Problem -
Copy out each entry below verbatim, skipping the images.

[Dataset entries]

· · · · ·

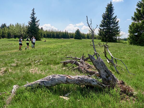 Za sebou máme 30 km a před sebou posledních 20 km. Uff, to už dáme! Pořád se vlníme ve výšce okolo 900 m n. m. mezi Kohoutím a Mezihořským vrchem.
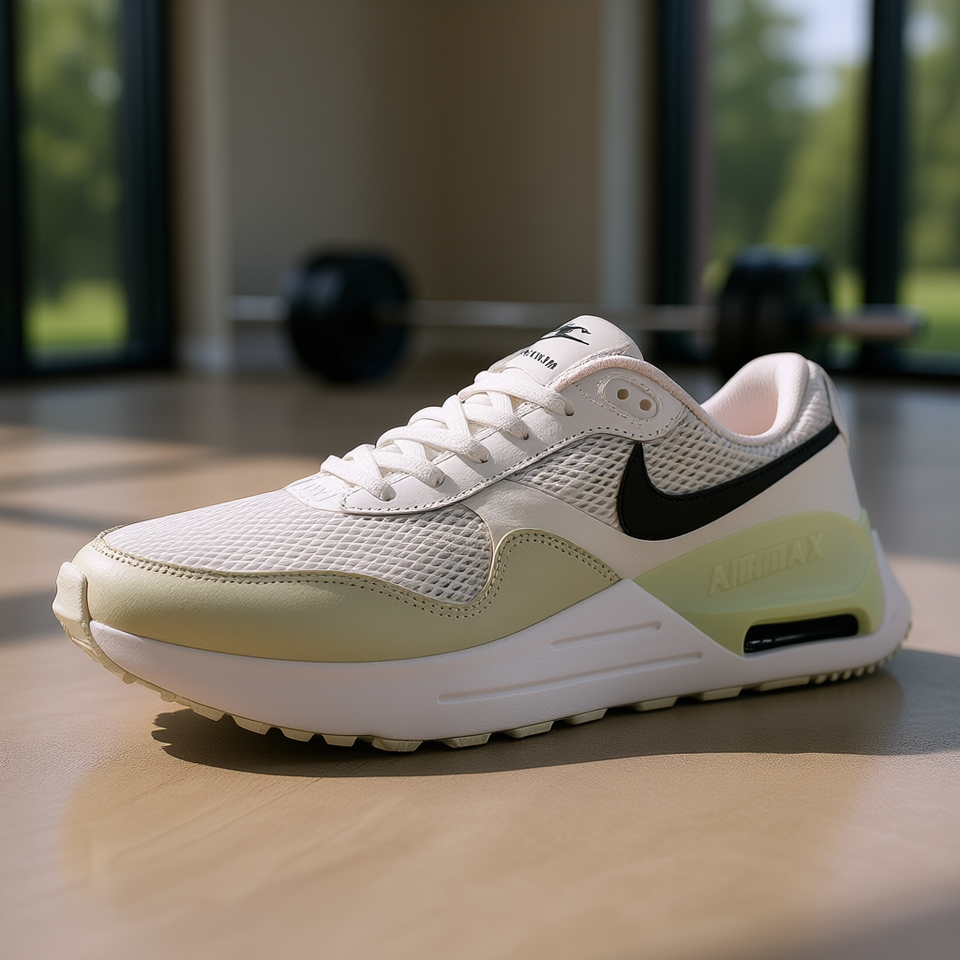 Nike Air Max Sytm Women's Fitness Shoes White Black Mesh Upper Rubber Outsole EVA Midsole Spring Training
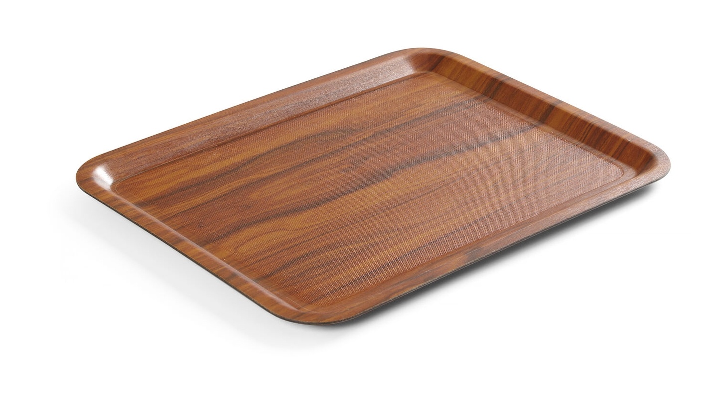 Antypoślizgowa prostokątna taca do serwowania 360 x 460 mm z drewna, brązowa
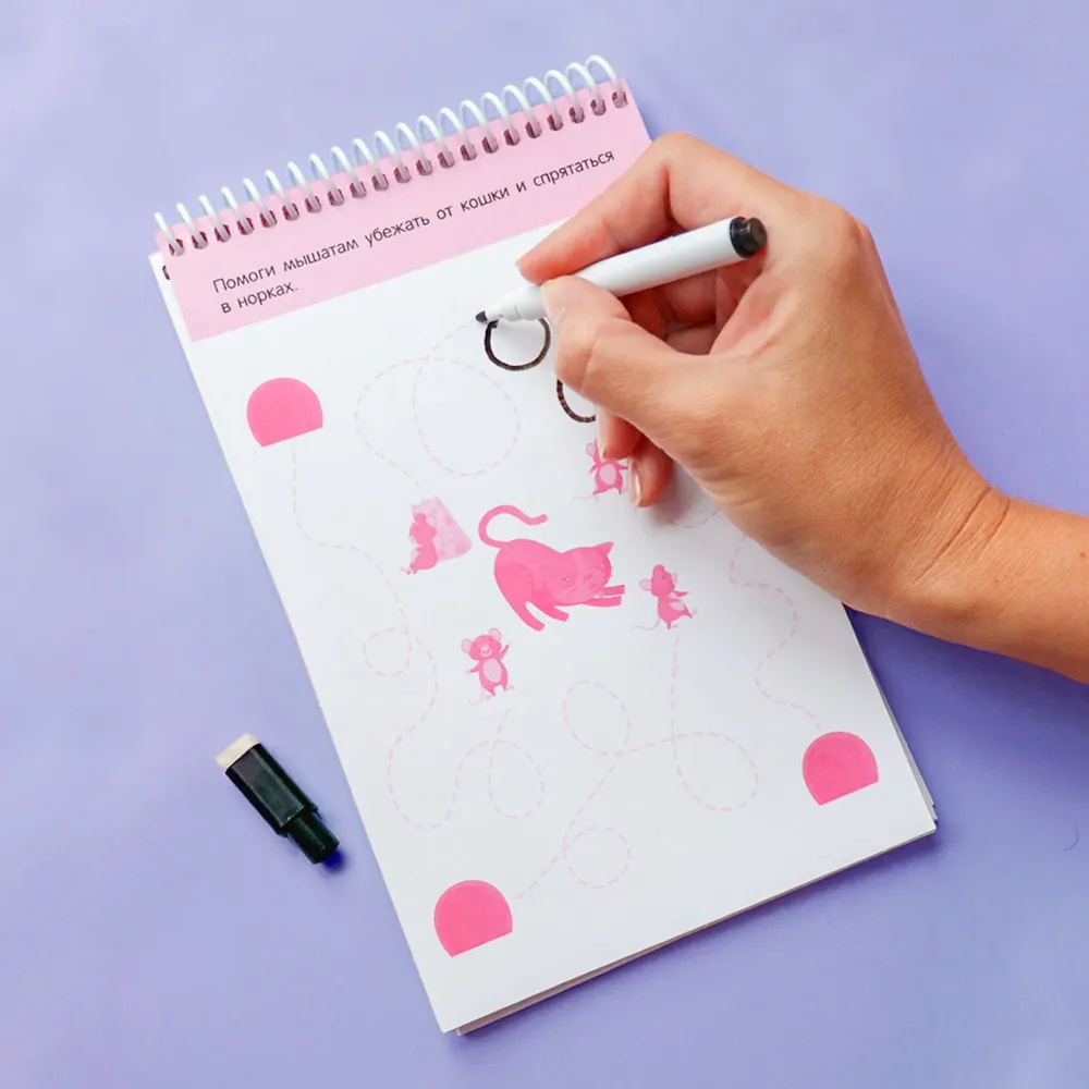 «Нескучные игры» от Malamalama — это увлекательный игровой блокнот для детей 4–5 лет. Внутри — иллюстрированные странички с простыми и интересными заданиями, которые помогают развивать мелкую моторику, логику и воображение, а также улучшать письменные навыки. В комплекте ребёнок найдёт маркер для выполнения заданий. Глянцевое покрытие страниц позволяет стирать следы маркера, используя для этого сухую ткань. Благодаря этому в блокноте можно писать и рисовать снова и снова, не боясь ошибок! Игровой блокнот удобно брать с собой и легко использовать в машине, поезде или самолёте. Поэтому «Нескучные игры» станут отличным спутником вашего малыша и не дадут ему заскучать в долгой дороге!
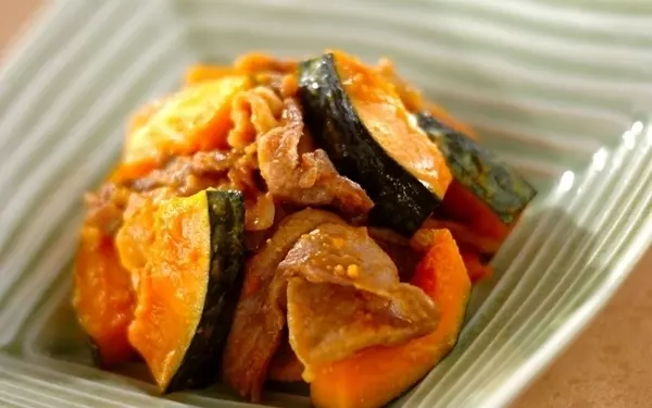 みそとショウガ、砂糖などで味付けした炒めものは大人にも子どもにも好まれる一品です。カボチャはレンジで加熱してから炒めるため、短時間で仕上がるのが魅力。豚肉はこま切れを使っていますが、バラやロース肉でもOKです。
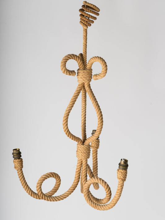 Three Arms Rope Chandelier by Audoux Minnet, France 1960's
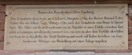 Von den Saliern zunächst als militärisch genutzte Burg Limburg genutzt, wurde sie ab 1025 als Hauskloster der Salier zu einer Abtei des Benediktinerordens mit Basilika umgebaut.
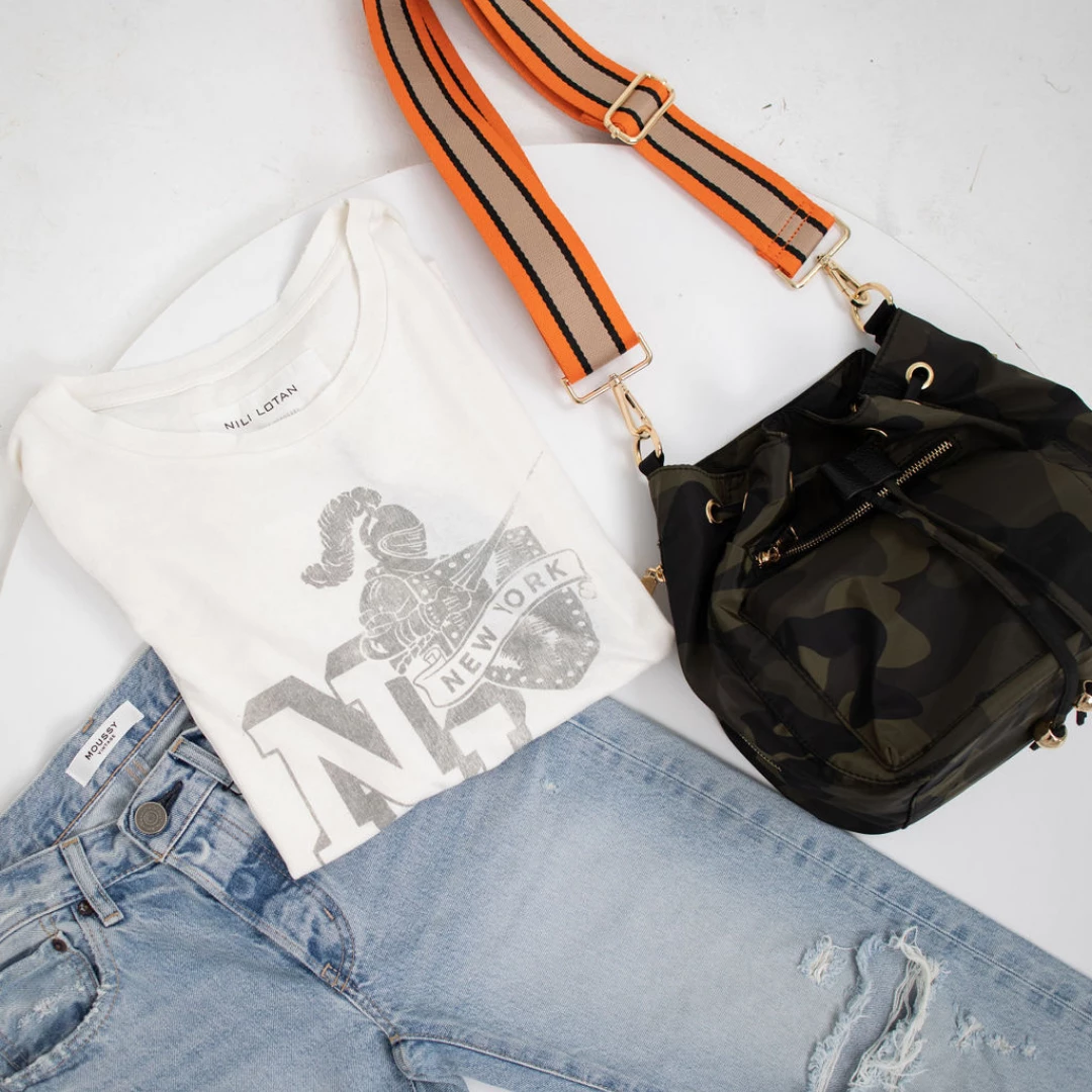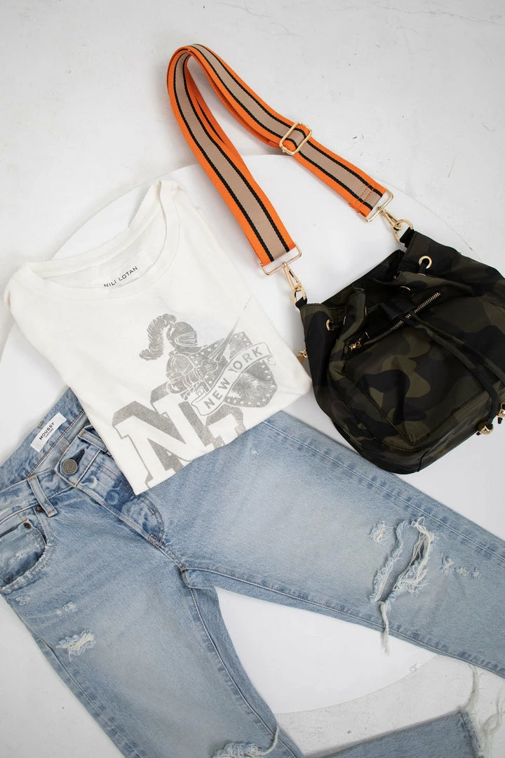 Style: Drawstring Bucket Bag + Orange/ White Stripe
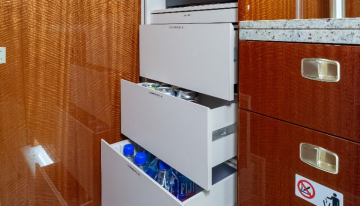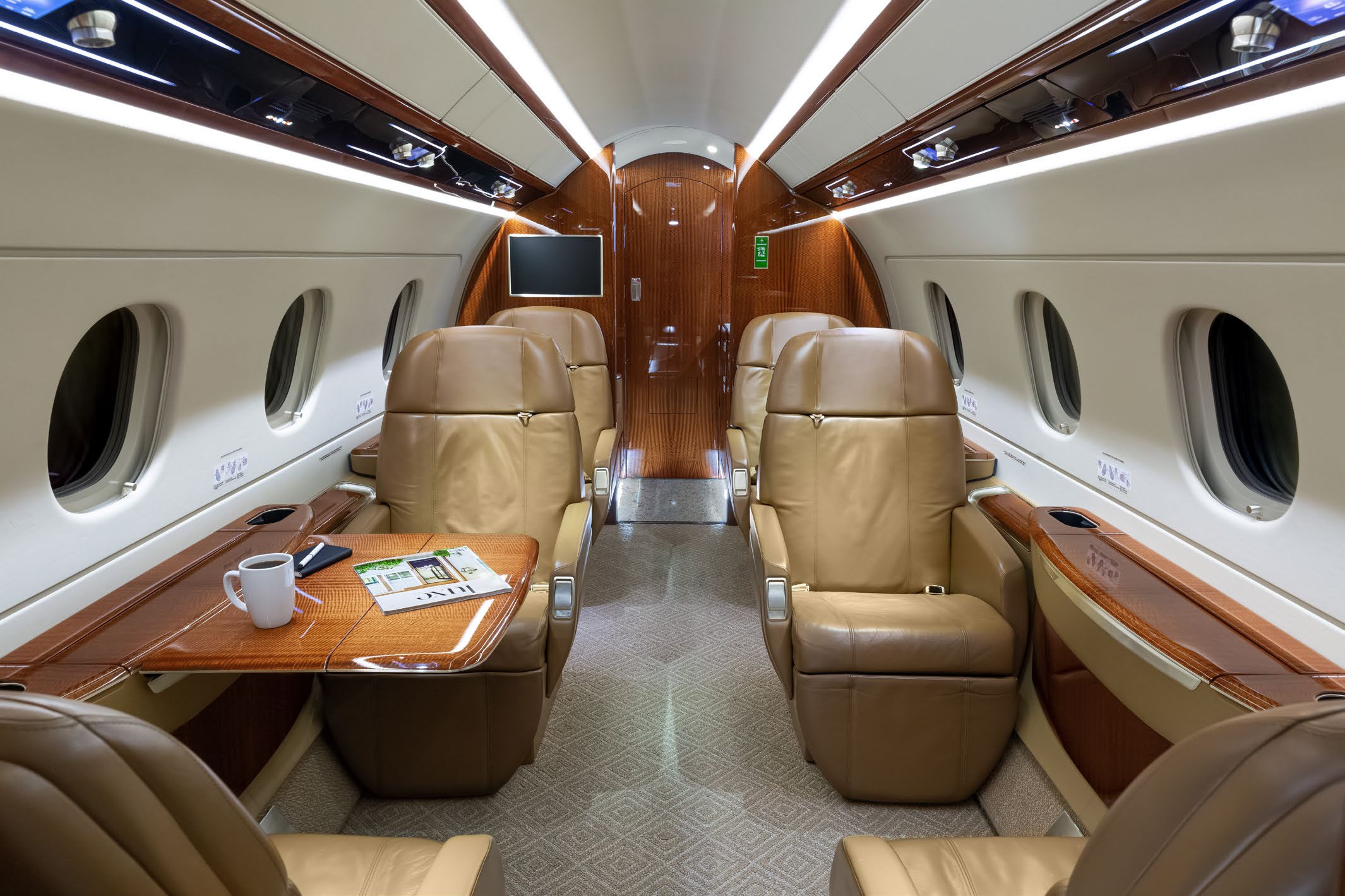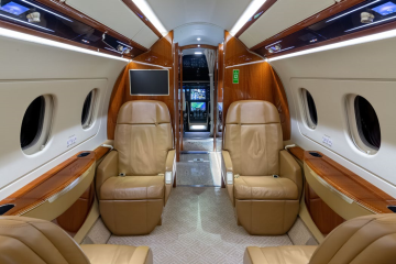 (Original) 6-passenger cabin configuration features an additional 2 certified seats, which includes a jump seat and a belted lavatory. Forward Galley: This Praetor 500 boasts a fully equipped forward galley, offering enhanced storage capacity. The full forward galley includes stone flooring and countertops, a forward-facing jump seat, a microwave oven, a coffee brewer, a thermo-acoustic curtain for the main door, and features the high power outlet option. The forward-facing jump seat conveniently retracts into the closet and is equipped with a full audio panel. The high power outlet option converts 28VDC to 115VAC/60Hz, providing two additional output ports with a combined power of 1200 VA. There is one port in the galley and one in the lav. The galley sink is fully operational with hot and cold water, offering a 15-liter capacity that can be drained effortlessly with a single push of a button from the cockpit. Main Cabin: Adjacent to the forward galley is a pocket door that separates the galley from the main cabin. The mid cabin offers a four-place club seating arrangement with foldable tables and power outlets next to each seat (low power outlet option). Following the four-place club, the aft cabin features two forward-facing executive seats with foldable tables and power outlets. Aft Lavatory: The aft lavatory, separated by a pocket door, includes a belted lavatory, stone flooring, and stone countertops. The vacuum lavatory system has an 18-liter water capacity. Like the galley, the lavatory sink is fully operational with hot and cold water and can be easily drained with a single push of a button from the cockpit. |
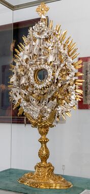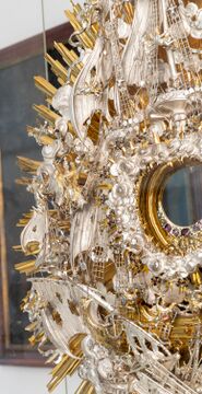 Die Schaufläche, die durch zahlreiche figürliche Darstellungen aus Silber geschmückt ist und in deren Mitte man das aus Kristall und Glas bestehende Herzstück der Monstranz sehen kann, wird von einem vergoldeten Strahlenkranz aus Messing umrahmt. Gekrönt wird sie nicht wie für derartige Monstranzen üblich von einem Kruzifix, sondern von vier rechtwinklig zueinanderstehenden, spiralförmigen Einrollungen (Voluten), die sich entgegen dem Uhrzeigersinn aufrollen und die von Strahlen umrahmt werden. So werden Assoziationen einer Kreuzblume oder Sonne geweckt.[13]

· · · · ·

Written solution -
 Za sebou máme 30 km a před sebou posledních 20 km. Uff, to už dáme! Pořád se vlníme ve výšce okolo 900 m n. m. mezi Kohoutím a Mezihořským vrchem.
 Nike Air Max Sytm Women's Fitness Shoes White Black Mesh Upper Rubber Outsole EVA Midsole Spring Training
 Antypoślizgowa prostokątna taca do serwowania 360 x 460 mm z drewna, brązowa
 «Нескучные игры» от Malamalama — это увлекательный игровой блокнот для детей 4–5 лет. Внутри — иллюстрированные странички с простыми и интересными заданиями, которые помогают развивать мелкую моторику, логику и воображение, а также улучшать письменные навыки. В комплекте ребёнок найдёт маркер для выполнения заданий. Глянцевое покрытие страниц позволяет стирать следы маркера, используя для этого сухую ткань. Благодаря этому в блокноте можно писать и рисовать снова и снова, не боясь ошибок! Игровой блокнот удобно брать с собой и легко использовать в машине, поезде или самолёте. Поэтому «Нескучные игры» станут отличным спутником вашего малыша и не дадут ему заскучать в долгой дороге!
 みそとショウガ、砂糖などで味付けした炒めものは大人にも子どもにも好まれる一品です。カボチャはレンジで加熱してから炒めるため、短時間で仕上がるのが魅力。豚肉はこま切れを使っていますが、バラやロース肉でもOKです。
 Three Arms Rope Chandelier by Audoux Minnet, France 1960's
 Von den Saliern zunächst als militärisch genutzte Burg Limburg genutzt, wurde sie ab 1025 als Hauskloster der Salier zu einer Abtei des Benediktinerordens mit Basilika umgebaut.
 Style: Drawstring Bucket Bag + Orange/ White Stripe
 (Original) 6-passenger cabin configuration features an additional 2 certified seats, which includes a jump seat and a belted lavatory. Forward Galley: This Praetor 500 boasts a fully equipped forward galley, offering enhanced storage capacity. The full forward galley includes stone flooring and countertops, a forward-facing jump seat, a microwave oven, a coffee brewer, a thermo-acoustic curtain for the main door, and features the high power outlet option. The forward-facing jump seat conveniently retracts into the closet and is equipped with a full audio panel. The high power outlet option converts 28VDC to 115VAC/60Hz, providing two additional output ports with a combined power of 1200 VA. There is one port in the galley and one in the lav. The galley sink is fully operational with hot and cold water, offering a 15-liter capacity that can be drained effortlessly with a single push of a button from the cockpit. Main Cabin: Adjacent to the forward galley is a pocket door that separates the galley from the main cabin. The mid cabin offers a four-place club seating arrangement with foldable tables and power outlets next to each seat (low power outlet option). Following the four-place club, the aft cabin features two forward-facing executive seats with foldable tables and power outlets. Aft Lavatory: The aft lavatory, separated by a pocket door, includes a belted lavatory, stone flooring, and stone countertops. The vacuum lavatory system has an 18-liter water capacity. Like the galley, the lavatory sink is fully operational with hot and cold water and can be easily drained with a single push of a button from the cockpit. |
 Die Schaufläche, die durch zahlreiche figürliche Darstellungen aus Silber geschmückt ist und in deren Mitte man das aus Kristall und Glas bestehende Herzstück der Monstranz sehen kann, wird von einem vergoldeten Strahlenkranz aus Messing umrahmt. Gekrönt wird sie nicht wie für derartige Monstranzen üblich von einem Kruzifix, sondern von vier rechtwinklig zueinanderstehenden, spiralförmigen Einrollungen (Voluten), die sich entgegen dem Uhrzeigersinn aufrollen und die von Strahlen umrahmt werden. So werden Assoziationen einer Kreuzblume oder Sonne geweckt.[13]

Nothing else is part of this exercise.